Márcia Guimarães, oftalmologista
Os sintomas pioram à medida que os anos passam e a quantidade de conteúdo escolar fica maior. Márcia esclarece que as atividades estudantis, a cada ano, requerem mais tempo para execução e, assim, as dores se tornam mais frequentes. Visivelmente, o jovem não consegue acompanhar o restante da turma, diminuindo o interesse pelos estudos e interferindo também no emocional e na autoestima.
VÁRIOS TRATAMENTOS É o caso da estudante Ana Carolina do Espírito Santo, de 15 anos. A mãe dela, a enfermeira Tatiana da Silva Monteiro, conta que desde 2015 a filha passou por vários tratamentos, até que, finalmente, teve sucesso em 2020.

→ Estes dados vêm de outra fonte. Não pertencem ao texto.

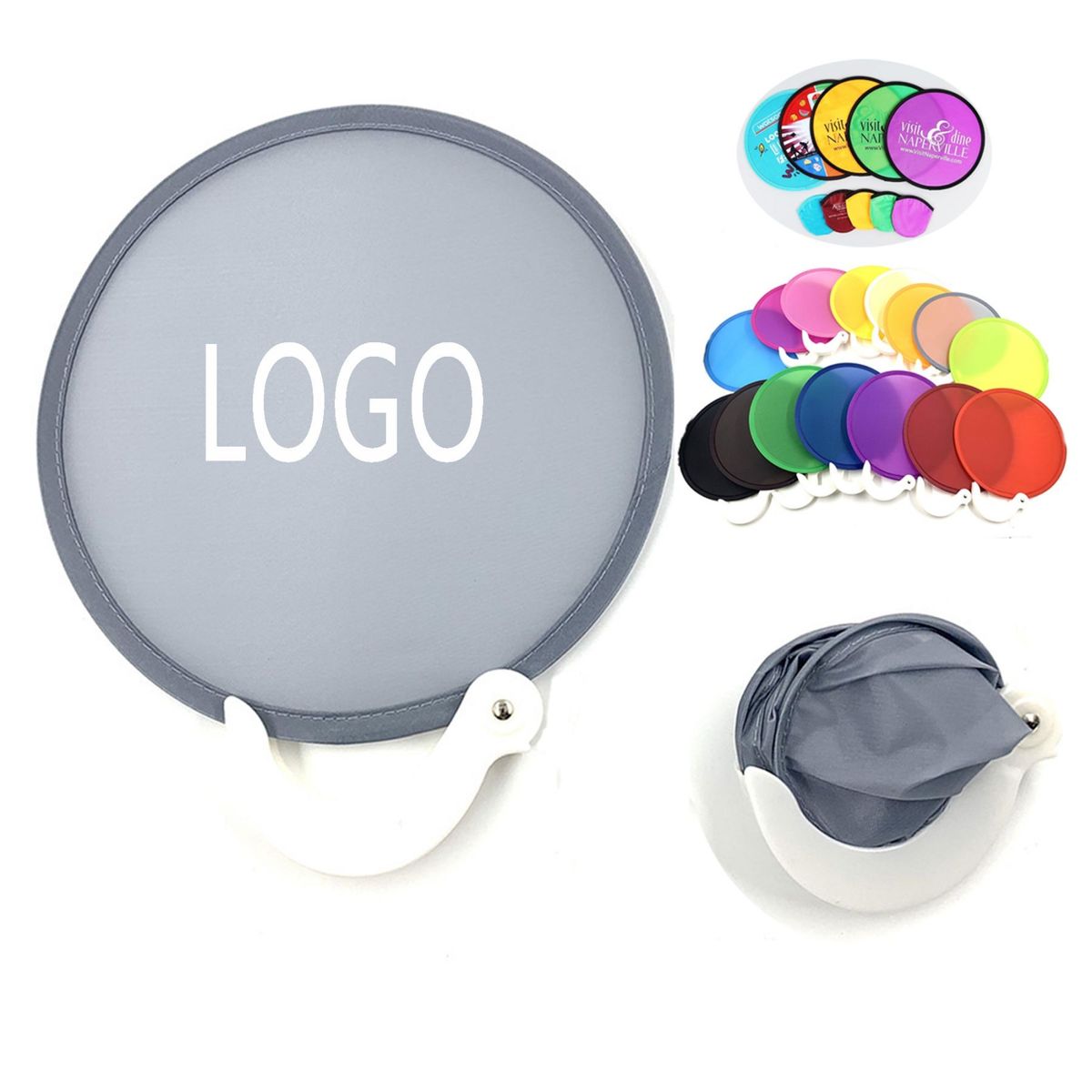 Made of quality nylon with a steel ring and plastic handle. Unfolding size 7.87 x 7.87 inch, a suitable size for guests to comfortably hold, and compact enough for easy transport. Compact size, lightweight, round shape, customize your design. Available in a variety of colors. A great choice for weddings, with options available for both the bride and groom's guests.

A estudante tinha muitas dificuldades na escola e Tatiana não entendia como era possível uma adolescente, na época com 12 anos, não saber ler. A mãe lembra que a condição, ainda desconhecida, afetava o desempenho escolar, comprometia a prática de esportes e as oportunidades para fazer amigos, deixando a adolescente solitária e insegura.
Muitos casos, inclusive, são descobertos no convívio e comportamento em sala de aula, quando os professores percebem as dificuldades do aluno e comunicam aos pais para procurarem ajuda especializada, visando identificar o problema. No entanto, Tatiana disse que ela mesmo identificou o problema, quando trabalhou em um hospital e tomou conhecimento da síndrome.

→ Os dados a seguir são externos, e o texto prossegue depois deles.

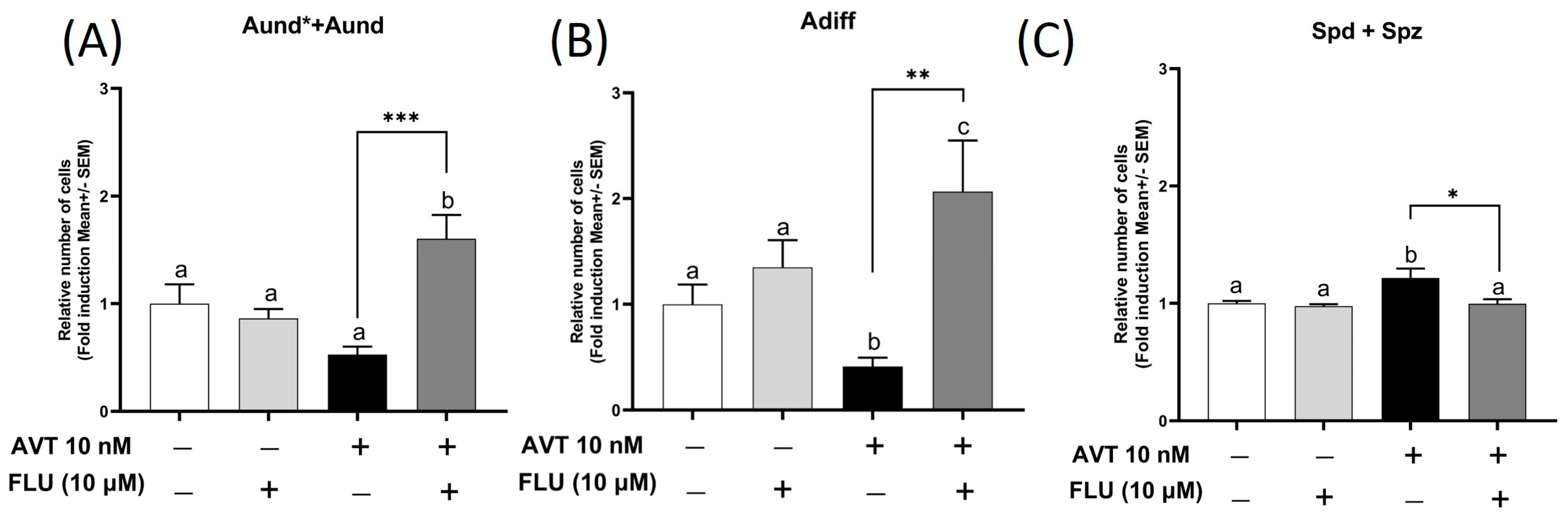 Fig. 5 The effect of 10 μM of flutamide (FLU), alone or in combination with 10 nM vasotocin (AVT), on (A) spermatogonia type Aund* + Aund, (B) Adiff, and (C) haploid spermatids and spermatozoa, following 7 days of ex vivo culture. Cells were counted in the control vs. treatment groups, and each treatment group was normalized against its control and expressed as fold change (mean ± SEM; n = 8–10). Values displaying different symbols are significantly different (one-way ANOVA followed by Tukey’s multiple comparison test, * p < 0.05, ** p < 0.01, *** p < 0.001).

Geralmente, o diagnóstico é multiprofissional. Muitas vezes, começa em sala de aula, com os professores e, segue com outros profissionais, como psicólogos e oftalmologistas, capacitados para identificar a causa com testes, como o screening ou rastreamento, ou pelo protocolo padrão, chamado de método de Irlen.
Ana Carolina usa óculos especiais desde o diagnóstico. Apesar da ansiedade por rápidos efeitos no início, a técnica, com o tempo, propicia a melhora no desenvolvimento escolar, permite maior facilidade para estudar, assim como a prática esportiva e melhor convívio social para fazer amizades. Tatiana afirma que o diagnóstico e tratamento garantiram à sua filha uma vida saudável mental e fisicamente. “Meus sentimentos só poderiam ser de felicidade e gratidão”, avalia.